PROBLEM TO SOLVE: Output the data in full. Keep every word exact and exclude the pictures.

Saved data entries:
══════════════════════════════

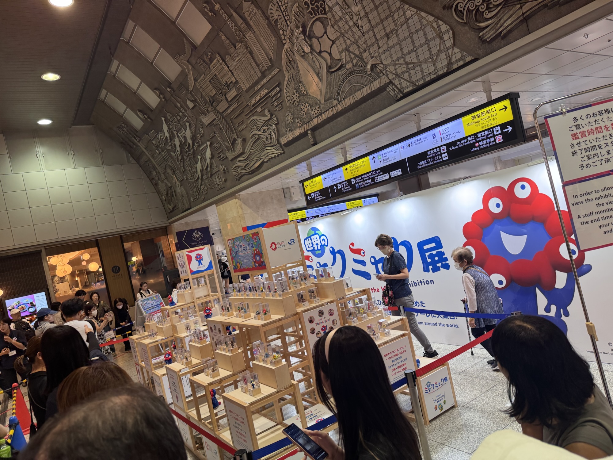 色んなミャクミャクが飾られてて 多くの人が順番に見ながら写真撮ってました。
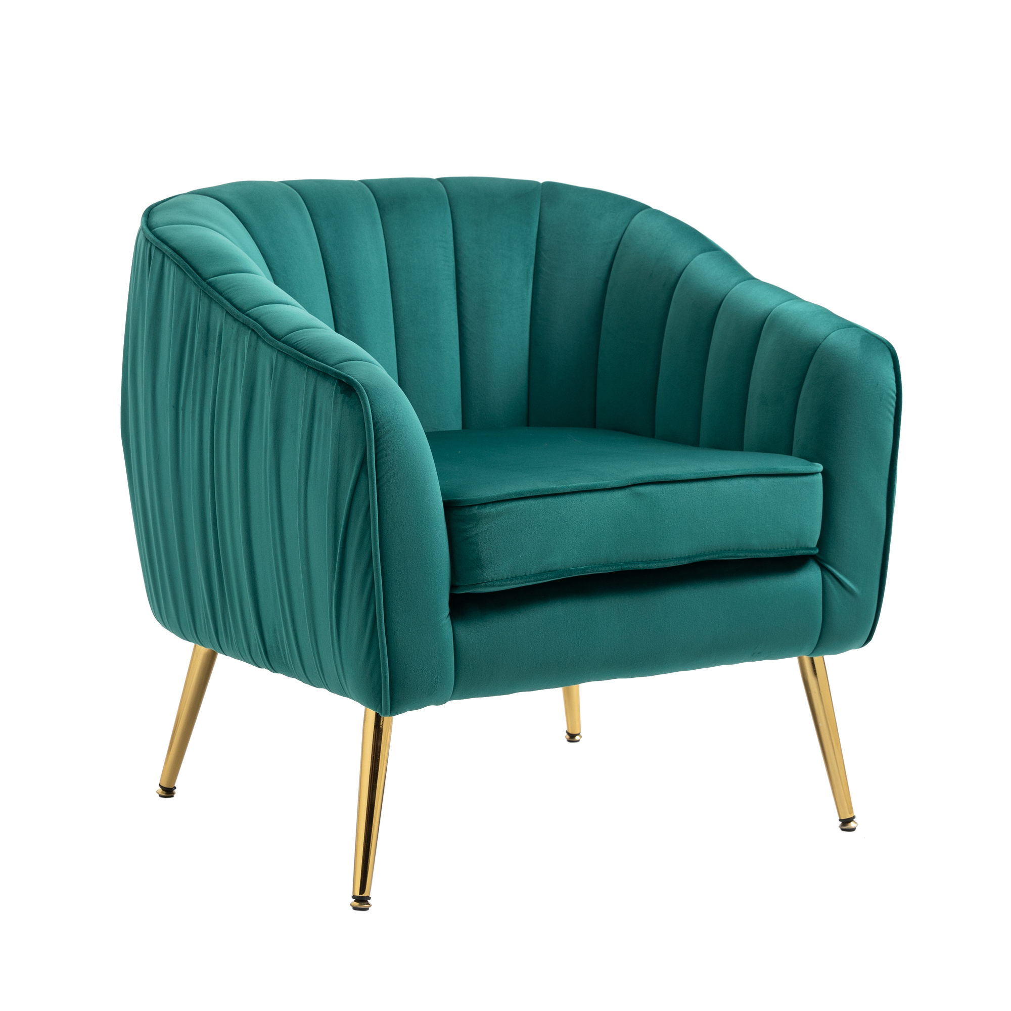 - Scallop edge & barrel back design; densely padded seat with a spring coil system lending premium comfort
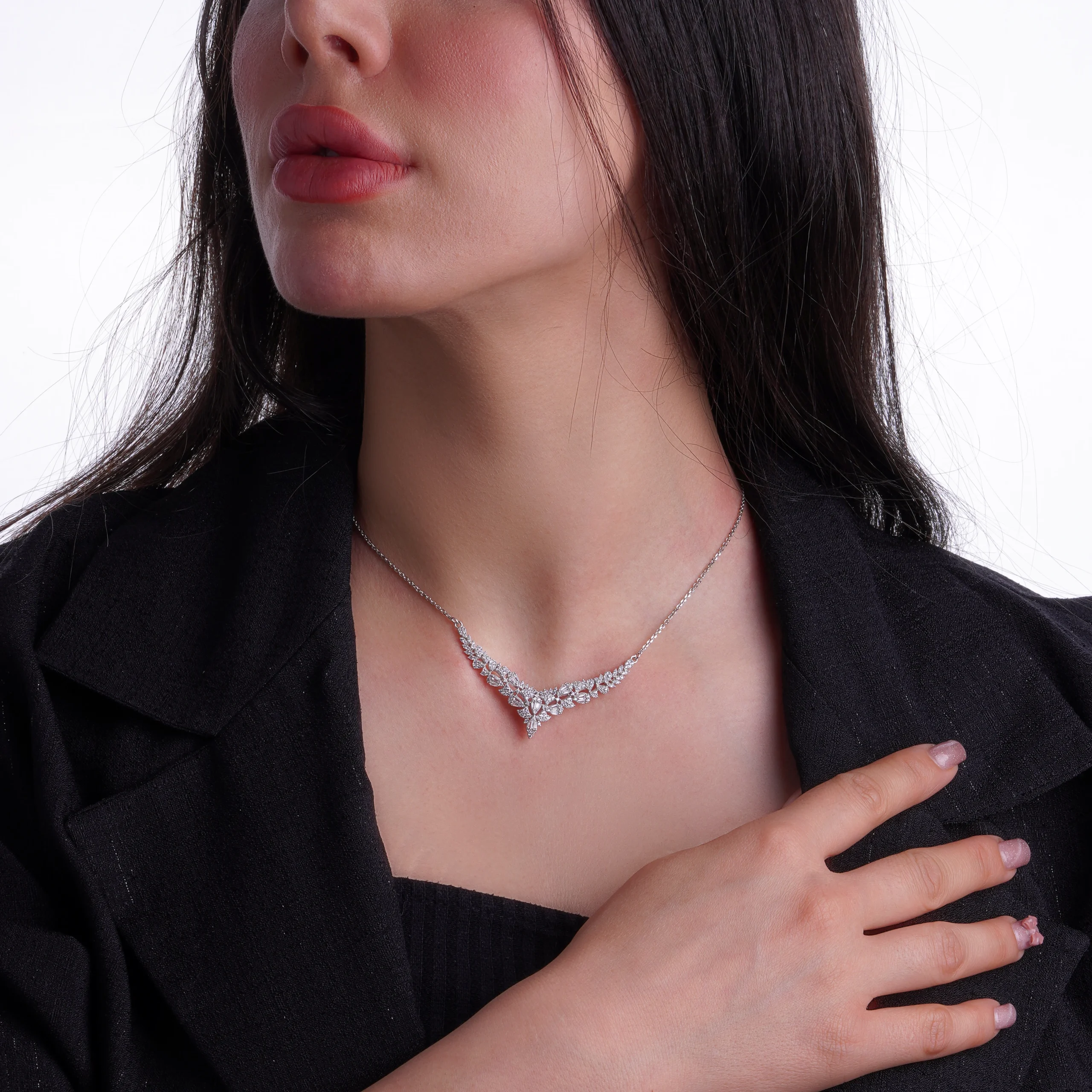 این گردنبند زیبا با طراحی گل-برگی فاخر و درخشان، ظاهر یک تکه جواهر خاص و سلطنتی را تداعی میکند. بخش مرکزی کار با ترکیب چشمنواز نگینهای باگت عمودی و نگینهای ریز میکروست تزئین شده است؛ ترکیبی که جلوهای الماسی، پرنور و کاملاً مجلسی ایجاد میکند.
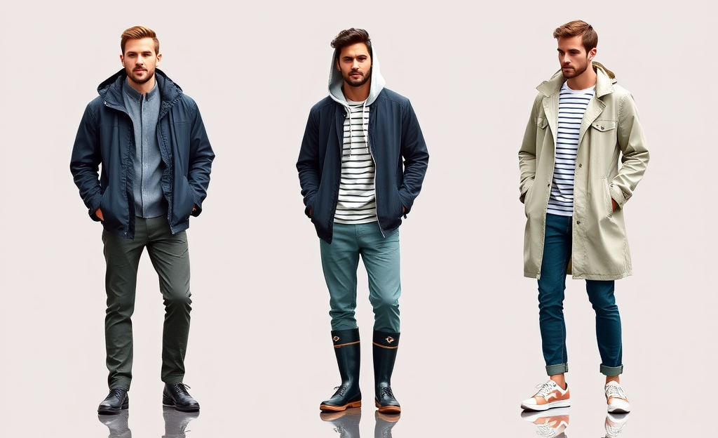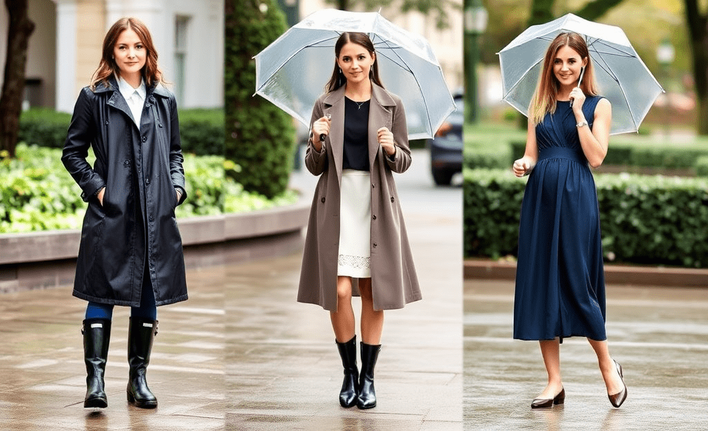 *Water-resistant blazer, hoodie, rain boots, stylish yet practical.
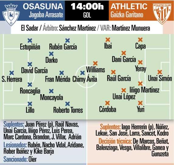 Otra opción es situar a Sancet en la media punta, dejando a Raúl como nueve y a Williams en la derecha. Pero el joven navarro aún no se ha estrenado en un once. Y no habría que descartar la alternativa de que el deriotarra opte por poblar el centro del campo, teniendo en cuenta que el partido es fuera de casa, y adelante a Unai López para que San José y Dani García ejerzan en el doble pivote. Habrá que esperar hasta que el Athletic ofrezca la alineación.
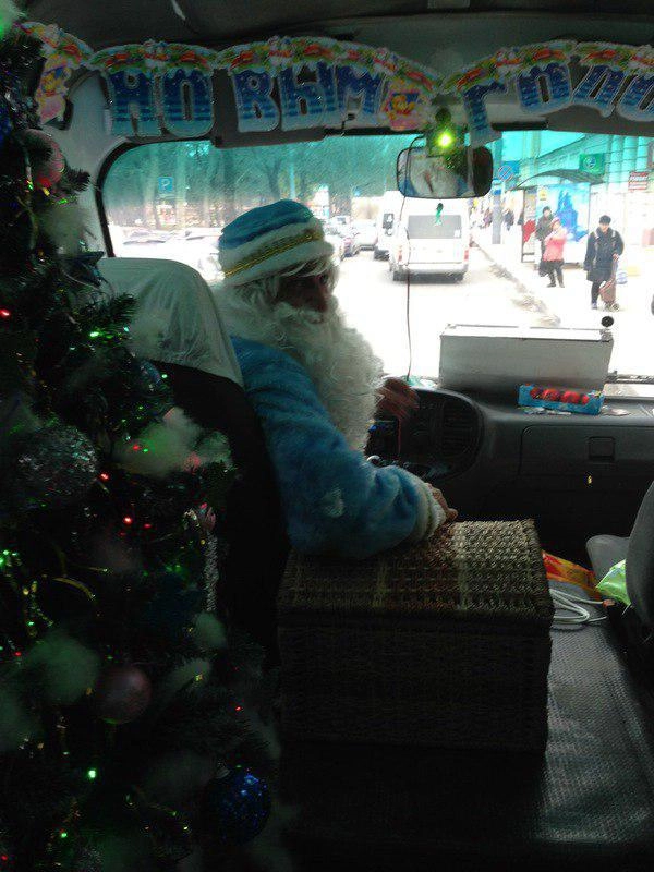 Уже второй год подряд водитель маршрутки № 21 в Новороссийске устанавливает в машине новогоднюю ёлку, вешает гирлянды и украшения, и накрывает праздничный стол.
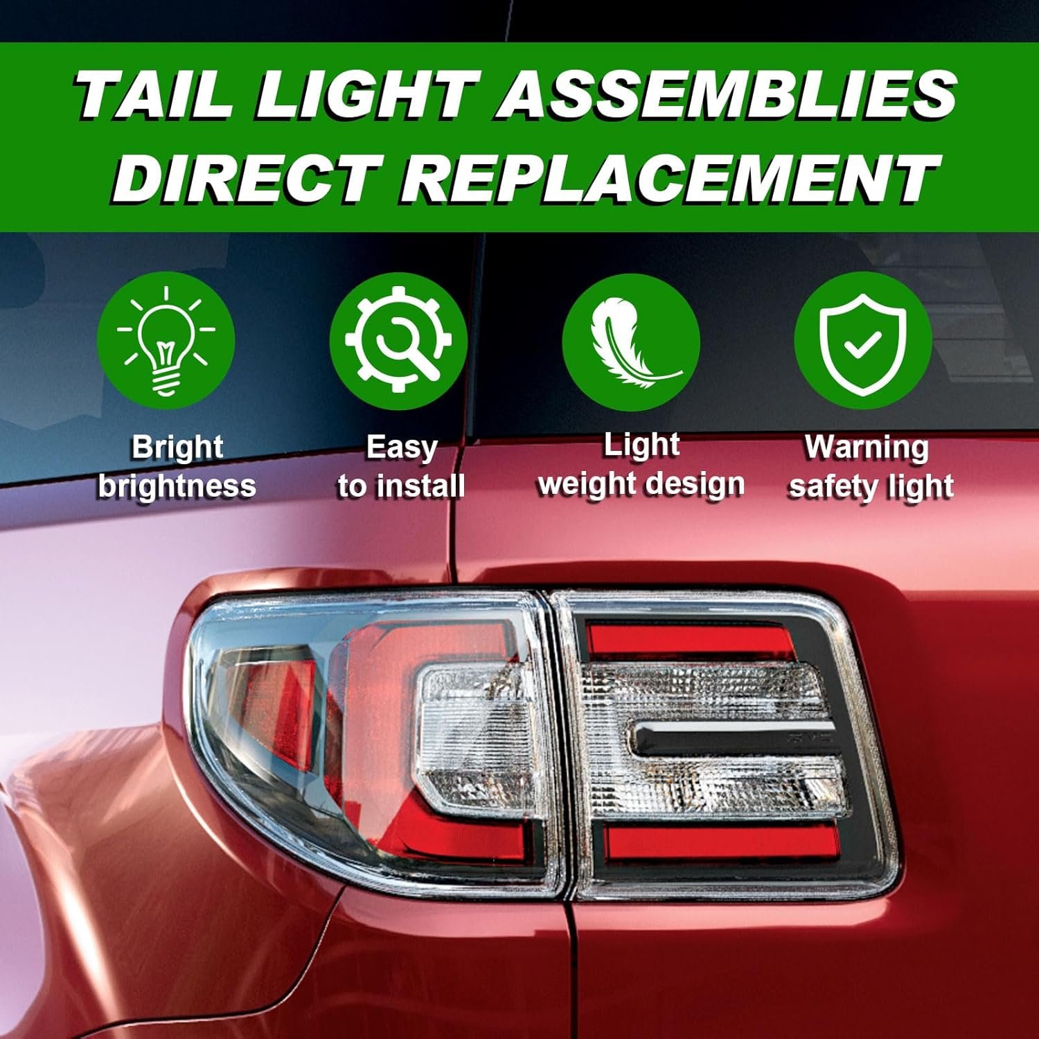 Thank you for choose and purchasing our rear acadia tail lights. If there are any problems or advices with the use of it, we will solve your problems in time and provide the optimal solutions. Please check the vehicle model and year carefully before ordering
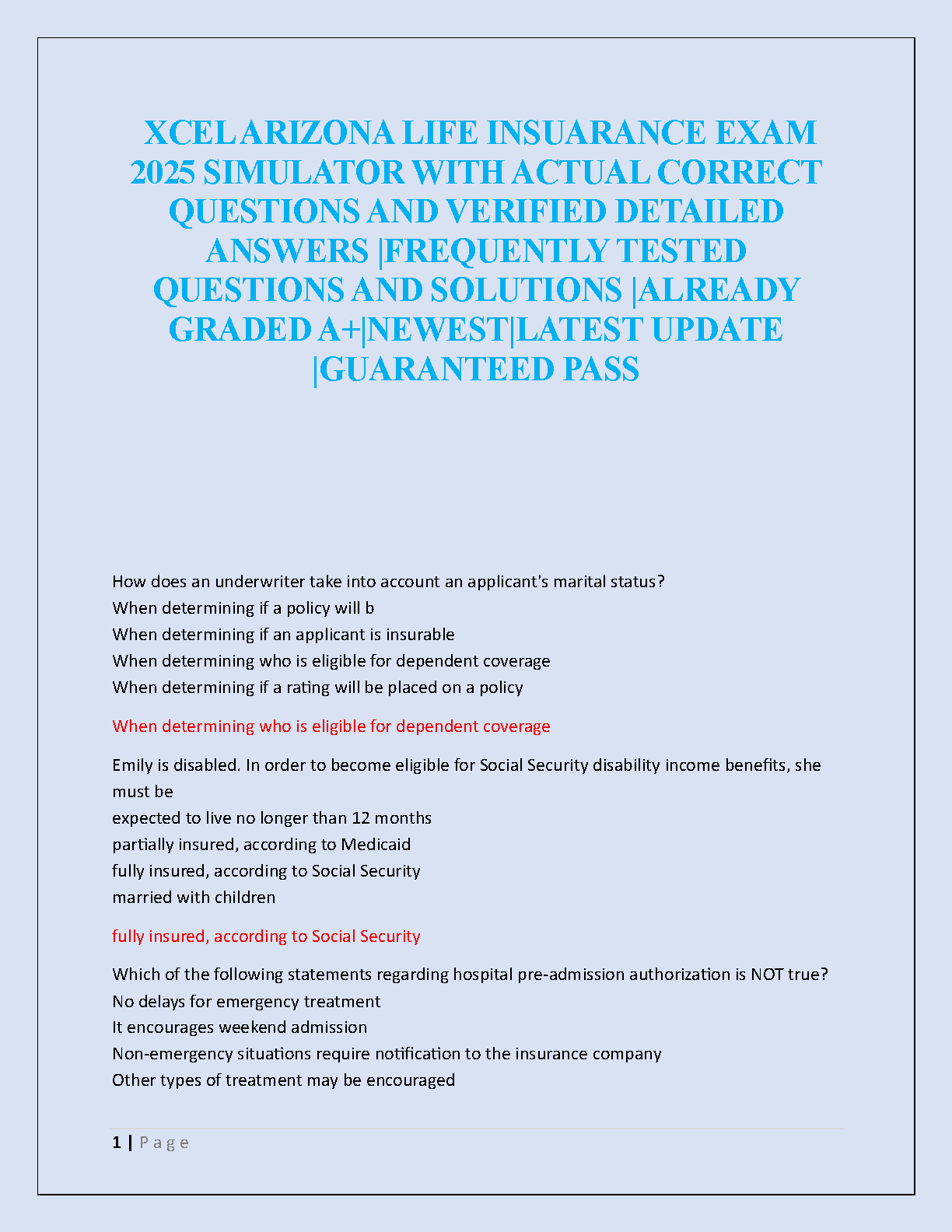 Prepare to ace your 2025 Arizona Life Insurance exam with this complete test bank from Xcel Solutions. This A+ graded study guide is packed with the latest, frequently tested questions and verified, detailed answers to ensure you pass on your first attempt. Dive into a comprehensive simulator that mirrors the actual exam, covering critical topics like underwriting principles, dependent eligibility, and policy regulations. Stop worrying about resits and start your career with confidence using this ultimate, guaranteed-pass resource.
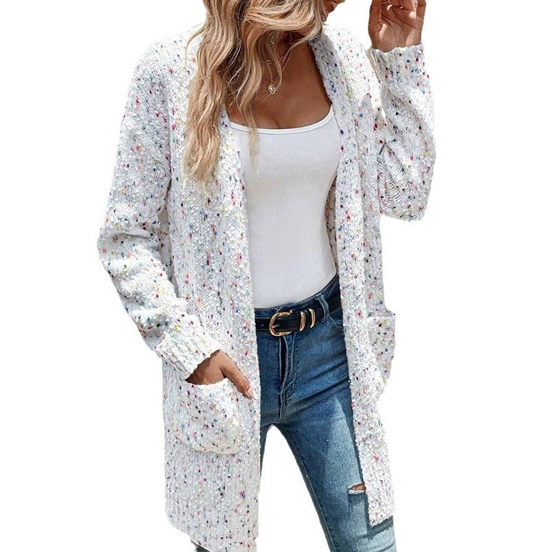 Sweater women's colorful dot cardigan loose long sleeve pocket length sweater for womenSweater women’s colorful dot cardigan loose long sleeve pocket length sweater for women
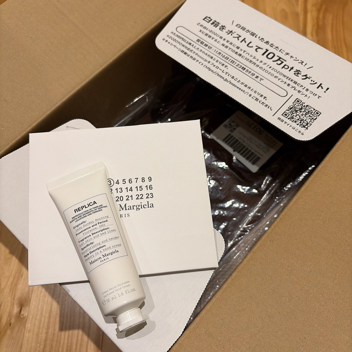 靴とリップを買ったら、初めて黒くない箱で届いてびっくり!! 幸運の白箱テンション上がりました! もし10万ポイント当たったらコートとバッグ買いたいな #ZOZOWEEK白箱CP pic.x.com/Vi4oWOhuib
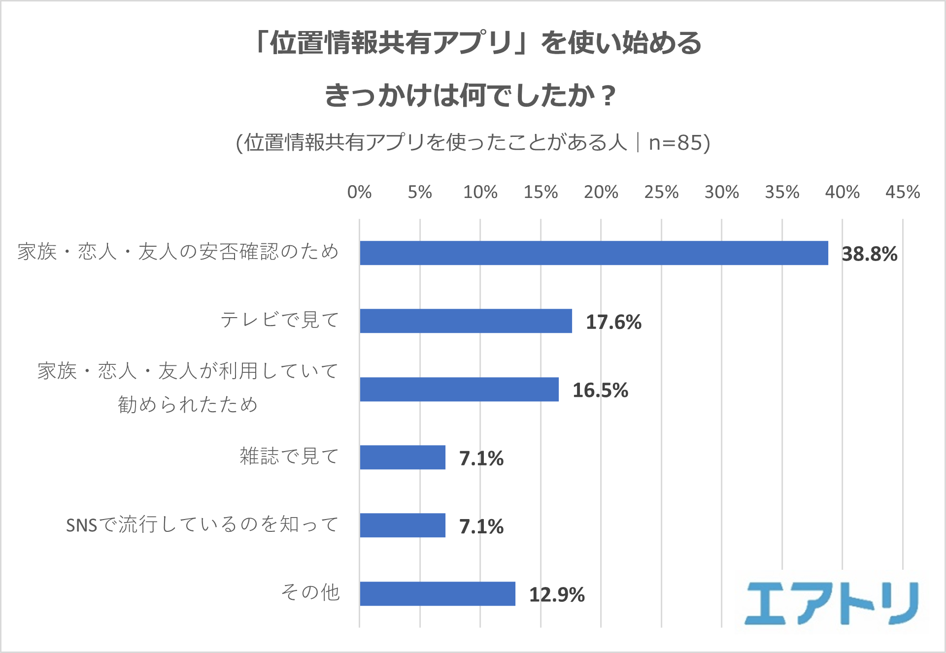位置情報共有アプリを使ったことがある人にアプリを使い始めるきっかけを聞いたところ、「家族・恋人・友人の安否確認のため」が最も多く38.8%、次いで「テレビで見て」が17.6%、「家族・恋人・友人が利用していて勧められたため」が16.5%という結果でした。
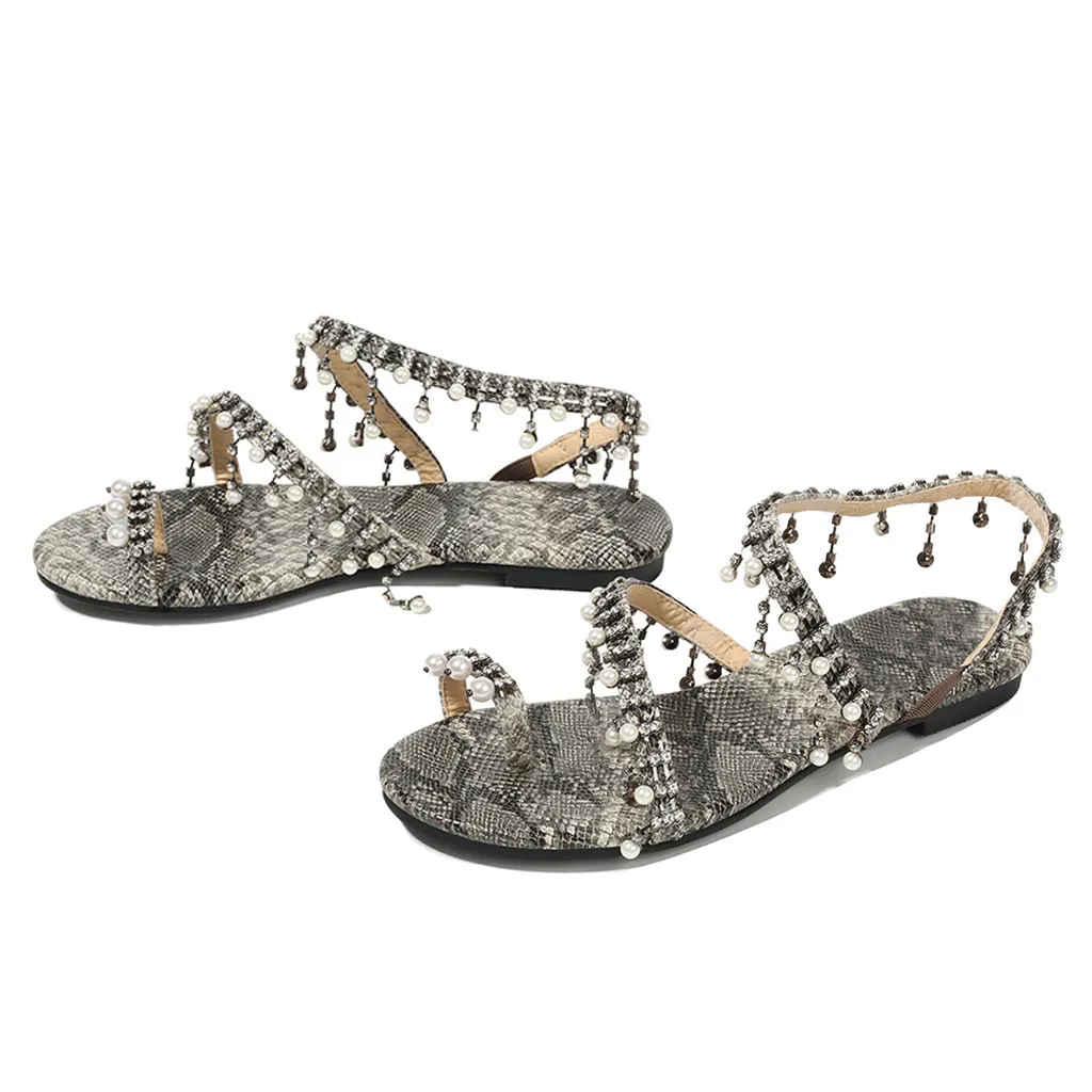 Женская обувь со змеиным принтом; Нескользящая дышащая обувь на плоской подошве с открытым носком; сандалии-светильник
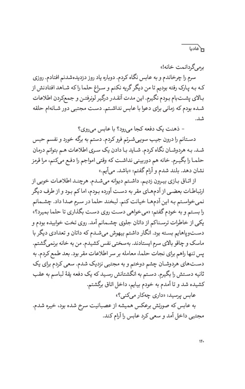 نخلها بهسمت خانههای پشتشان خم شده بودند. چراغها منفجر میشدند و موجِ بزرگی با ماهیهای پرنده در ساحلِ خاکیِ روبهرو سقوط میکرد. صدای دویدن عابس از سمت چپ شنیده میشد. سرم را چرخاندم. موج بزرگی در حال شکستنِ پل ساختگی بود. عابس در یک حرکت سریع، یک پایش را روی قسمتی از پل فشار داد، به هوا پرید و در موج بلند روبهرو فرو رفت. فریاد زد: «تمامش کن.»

══════════════════════════════

PROBLEM SOLUTION:
 色んなミャクミャクが飾られてて 多くの人が順番に見ながら写真撮ってました。
 - Scallop edge & barrel back design; densely padded seat with a spring coil system lending premium comfort
 این گردنبند زیبا با طراحی گل-برگی فاخر و درخشان، ظاهر یک تکه جواهر خاص و سلطنتی را تداعی میکند. بخش مرکزی کار با ترکیب چشمنواز نگینهای باگت عمودی و نگینهای ریز میکروست تزئین شده است؛ ترکیبی که جلوهای الماسی، پرنور و کاملاً مجلسی ایجاد میکند.
 *Water-resistant blazer, hoodie, rain boots, stylish yet practical.
 Otra opción es situar a Sancet en la media punta, dejando a Raúl como nueve y a Williams en la derecha. Pero el joven navarro aún no se ha estrenado en un once. Y no habría que descartar la alternativa de que el deriotarra opte por poblar el centro del campo, teniendo en cuenta que el partido es fuera de casa, y adelante a Unai López para que San José y Dani García ejerzan en el doble pivote. Habrá que esperar hasta que el Athletic ofrezca la alineación.
 Уже второй год подряд водитель маршрутки № 21 в Новороссийске устанавливает в машине новогоднюю ёлку, вешает гирлянды и украшения, и накрывает праздничный стол.
 Thank you for choose and purchasing our rear acadia tail lights. If there are any problems or advices with the use of it, we will solve your problems in time and provide the optimal solutions. Please check the vehicle model and year carefully before ordering
 Prepare to ace your 2025 Arizona Life Insurance exam with this complete test bank from Xcel Solutions. This A+ graded study guide is packed with the latest, frequently tested questions and verified, detailed answers to ensure you pass on your first attempt. Dive into a comprehensive simulator that mirrors the actual exam, covering critical topics like underwriting principles, dependent eligibility, and policy regulations. Stop worrying about resits and start your career with confidence using this ultimate, guaranteed-pass resource.
 Sweater women's colorful dot cardigan loose long sleeve pocket length sweater for womenSweater women’s colorful dot cardigan loose long sleeve pocket length sweater for women
 靴とリップを買ったら、初めて黒くない箱で届いてびっくり!! 幸運の白箱テンション上がりました! もし10万ポイント当たったらコートとバッグ買いたいな #ZOZOWEEK白箱CP pic.x.com/Vi4oWOhuib
位置情報共有アプリを使ったことがある人にアプリを使い始めるきっかけを聞いたところ、「家族・恋人・友人の安否確認のため」が最も多く38.8%、次いで「テレビで見て」が17.6%、「家族・恋人・友人が利用していて勧められたため」が16.5%という結果でした。
 Женская обувь со змеиным принтом; Нескользящая дышащая обувь на плоской подошве с открытым носком; сандалии-светильник
 نخلها بهسمت خانههای پشتشان خم شده بودند. چراغها منفجر میشدند و موجِ بزرگی با ماهیهای پرنده در ساحلِ خاکیِ روبهرو سقوط میکرد. صدای دویدن عابس از سمت چپ شنیده میشد. سرم را چرخاندم. موج بزرگی در حال شکستنِ پل ساختگی بود. عابس در یک حرکت سریع، یک پایش را روی قسمتی از پل فشار داد، به هوا پرید و در موج بلند روبهرو فرو رفت. فریاد زد: «تمامش کن.»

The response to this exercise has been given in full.